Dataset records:
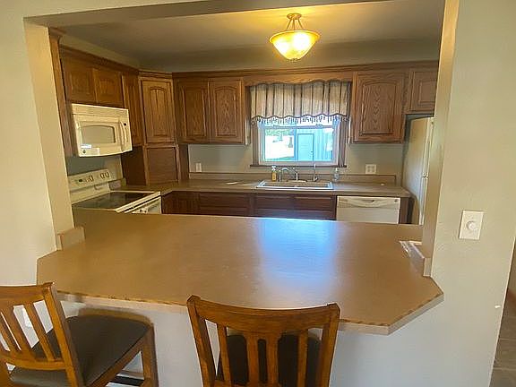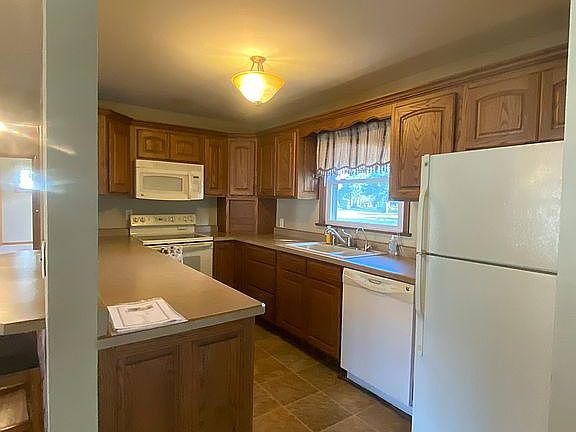 Ammenities include: Quiet neighborhood , close to village park , city sewer and private water well. Family room with vaulted ceiling , updated kitchen with custom built cabinets and open wall passthrough with bar seating , laminate flooring , dishwasher , microwave, refrigerator and stove included . Separate laundry room / utility room with water softener and 15 SEER 18,000 BTU electric Heat Pump forced air with central A/C (New in 2013). Original plaster walls and ceilings with no cracks or damage.Original oak hardwood floor in living/dining room. Updated vinyl widows , soffit and facia. 2 concrete driveways for plenty of off street parking , concrete sidewalks , covered porch with swing to enjoy sitting outside on summer evenings , Spacious 24x36 insulated pole building / detached garage with blacktop public alley access from street featuring concrete driveway, concrete floor, 2 parking bays with overhead doors and openers ,plus extra storage/work space . This is a well built 1 owner home since 1955 and has been well maintained and cared for many years . They don't build them like this anymore!!
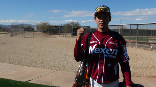 넥센 히어로즈의 애리조나 스프링캠프에 '제2의 서건창'을 노리는 선수가 있다. 현역으로 군복무를 마친 신고선수, 2012년 신인왕이자 지난해 최우수선수(MVP) 서건창과 삶의 궤적이 비슷하다. 넥센 히어로즈 외야수 허정협(25)의 얘기다.
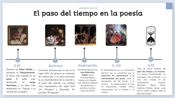 El Romanticismo es un movimiento literario que se caracteriza por la expresion de sentimientos y la individualidad del poeta, como la perspectiva del del tiempo y la muerte. Su representante es Jose de Espronceda, trataba temas relacionados con el tiempo y la muerte.
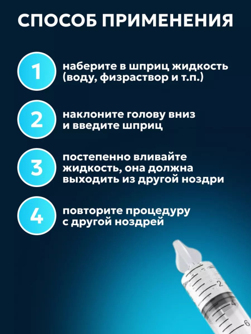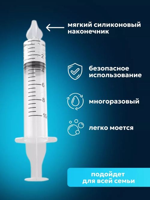 Шприц для промывания носа Идеальное решение для эффективной и безопасной промывки носовых ходов. Ирригатор назальный надежное и удобное средство, рекомендованное лорами и предназначенное для освобождения пазух от соплей насморка загрязнений, включая слизь, пыль и аллергены. Для максимального комфорта мы включили в комплект силиконовую насадку, которая идеально подходит для промывания носа не только у взрослых, детей и подростков, но и у новорожденных малышей с 4-х месяцев. Наш шприц для промывания работает на основе принципа гидравлического давления, обеспечивая эффективное промывание. Благодаря возможности регулировать напор подачи лекарства с помощью силы нажатия на поршень, вы имеете полный контроль над процессом. Просто используйте солевой раствор физраствор Аквалор Аквамарис, чтобы тщательно промыть и очистить носовые пазухи. Вы также можете использовать его вместе с электрическим или ручным соплеотсосом и аспиратором. Шприцы в контейнере компактно помещаются в сумку и легко превращаются в портативный, дорожный механический ирригатор для промывания. Набор для очистки и обеспечения себе и своим близким чистоту, свежесть и комфорт. Это надежное устройство идеально подходит для домашнего использования.
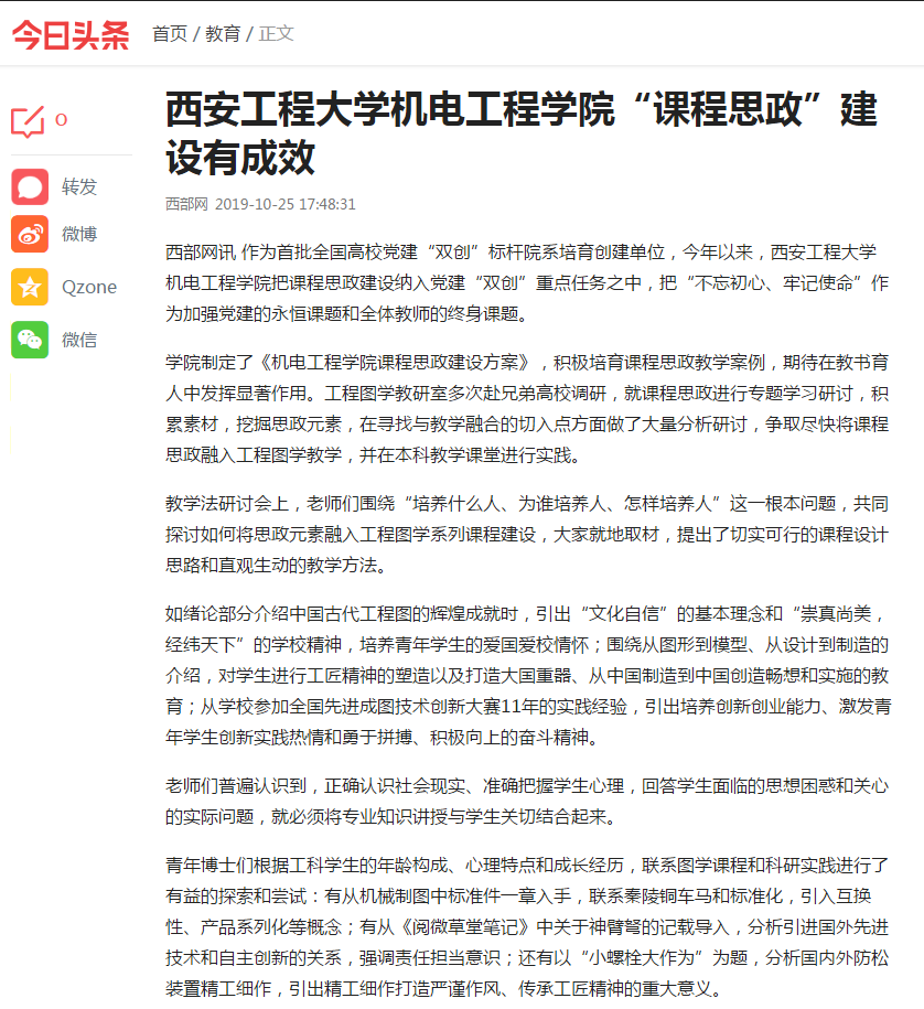 编者按:日前,人民日报海外网以《jdb电子中国官方网站开展主题教育》为题、西部网以《jdb电子中国官方网站“课程思政”建设有成效》为题、西安教育电视台以《jdb电子中国官方网站主题教育落实“三全育人”理念》为题对jdb电子jdb电子中国官方网站扎实开展主题教育、推进课程思政建设、构建“三全育人”格局进行了报道,今日头条给予转载。
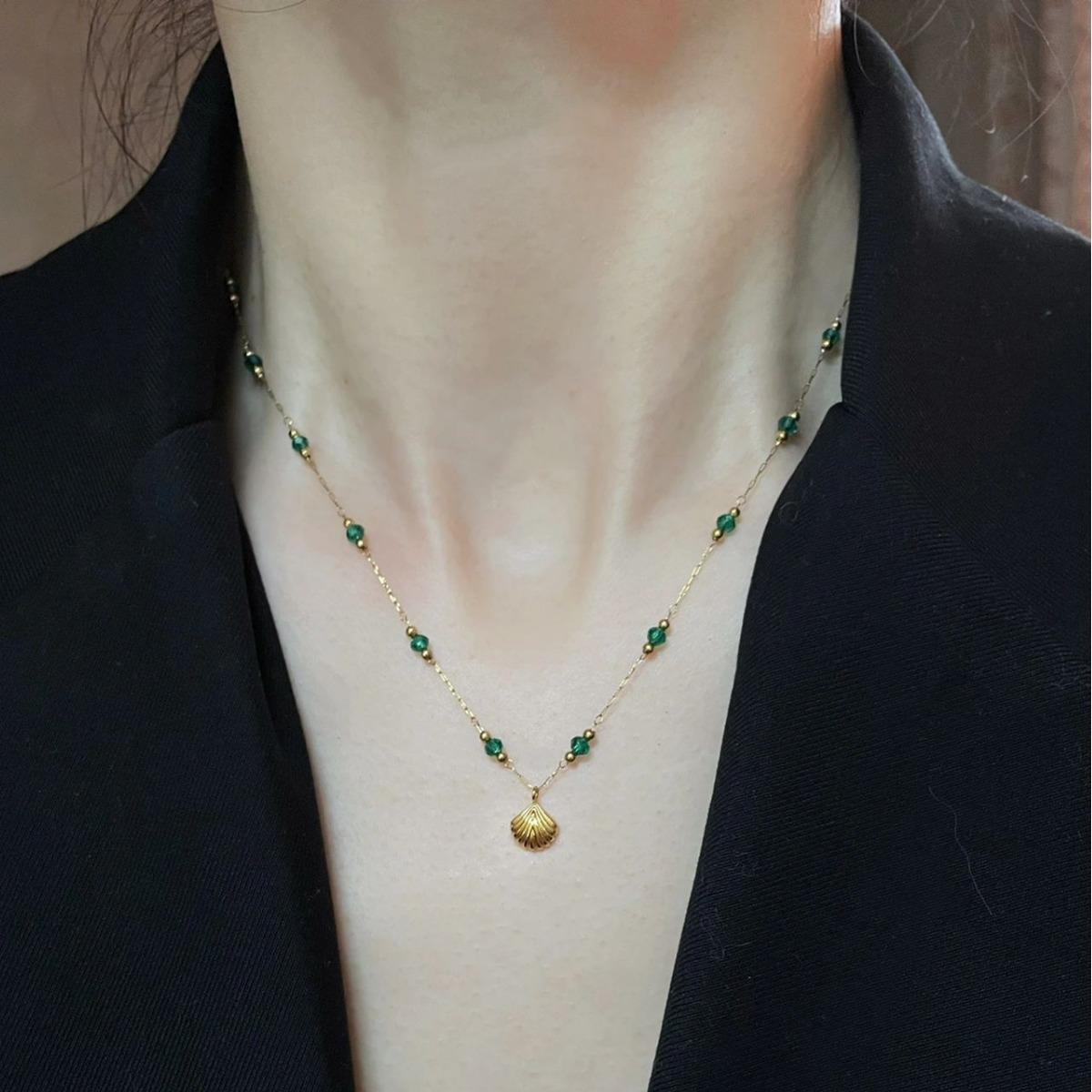 Luz de Luxo Vintage Colar de Esmeralda Pequeno Shell de Ouro 18K Pingente de Ouro Sentido de Design de Alta Qualidade Elegante Clavícula Corrente Feminina

*WHAT IS EXPECTED*: No pictures should appear in the copy. Print exactly the lines above from the line containing "Шприц для промывания носа" through the last line of the data.

*EXERCISE SOLUTION*:
 Шприц для промывания носа Идеальное решение для эффективной и безопасной промывки носовых ходов. Ирригатор назальный надежное и удобное средство, рекомендованное лорами и предназначенное для освобождения пазух от соплей насморка загрязнений, включая слизь, пыль и аллергены. Для максимального комфорта мы включили в комплект силиконовую насадку, которая идеально подходит для промывания носа не только у взрослых, детей и подростков, но и у новорожденных малышей с 4-х месяцев. Наш шприц для промывания работает на основе принципа гидравлического давления, обеспечивая эффективное промывание. Благодаря возможности регулировать напор подачи лекарства с помощью силы нажатия на поршень, вы имеете полный контроль над процессом. Просто используйте солевой раствор физраствор Аквалор Аквамарис, чтобы тщательно промыть и очистить носовые пазухи. Вы также можете использовать его вместе с электрическим или ручным соплеотсосом и аспиратором. Шприцы в контейнере компактно помещаются в сумку и легко превращаются в портативный, дорожный механический ирригатор для промывания. Набор для очистки и обеспечения себе и своим близким чистоту, свежесть и комфорт. Это надежное устройство идеально подходит для домашнего использования.
 编者按:日前,人民日报海外网以《jdb电子中国官方网站开展主题教育》为题、西部网以《jdb电子中国官方网站“课程思政”建设有成效》为题、西安教育电视台以《jdb电子中国官方网站主题教育落实“三全育人”理念》为题对jdb电子jdb电子中国官方网站扎实开展主题教育、推进课程思政建设、构建“三全育人”格局进行了报道,今日头条给予转载。
 Luz de Luxo Vintage Colar de Esmeralda Pequeno Shell de Ouro 18K Pingente de Ouro Sentido de Design de Alta Qualidade Elegante Clavícula Corrente Feminina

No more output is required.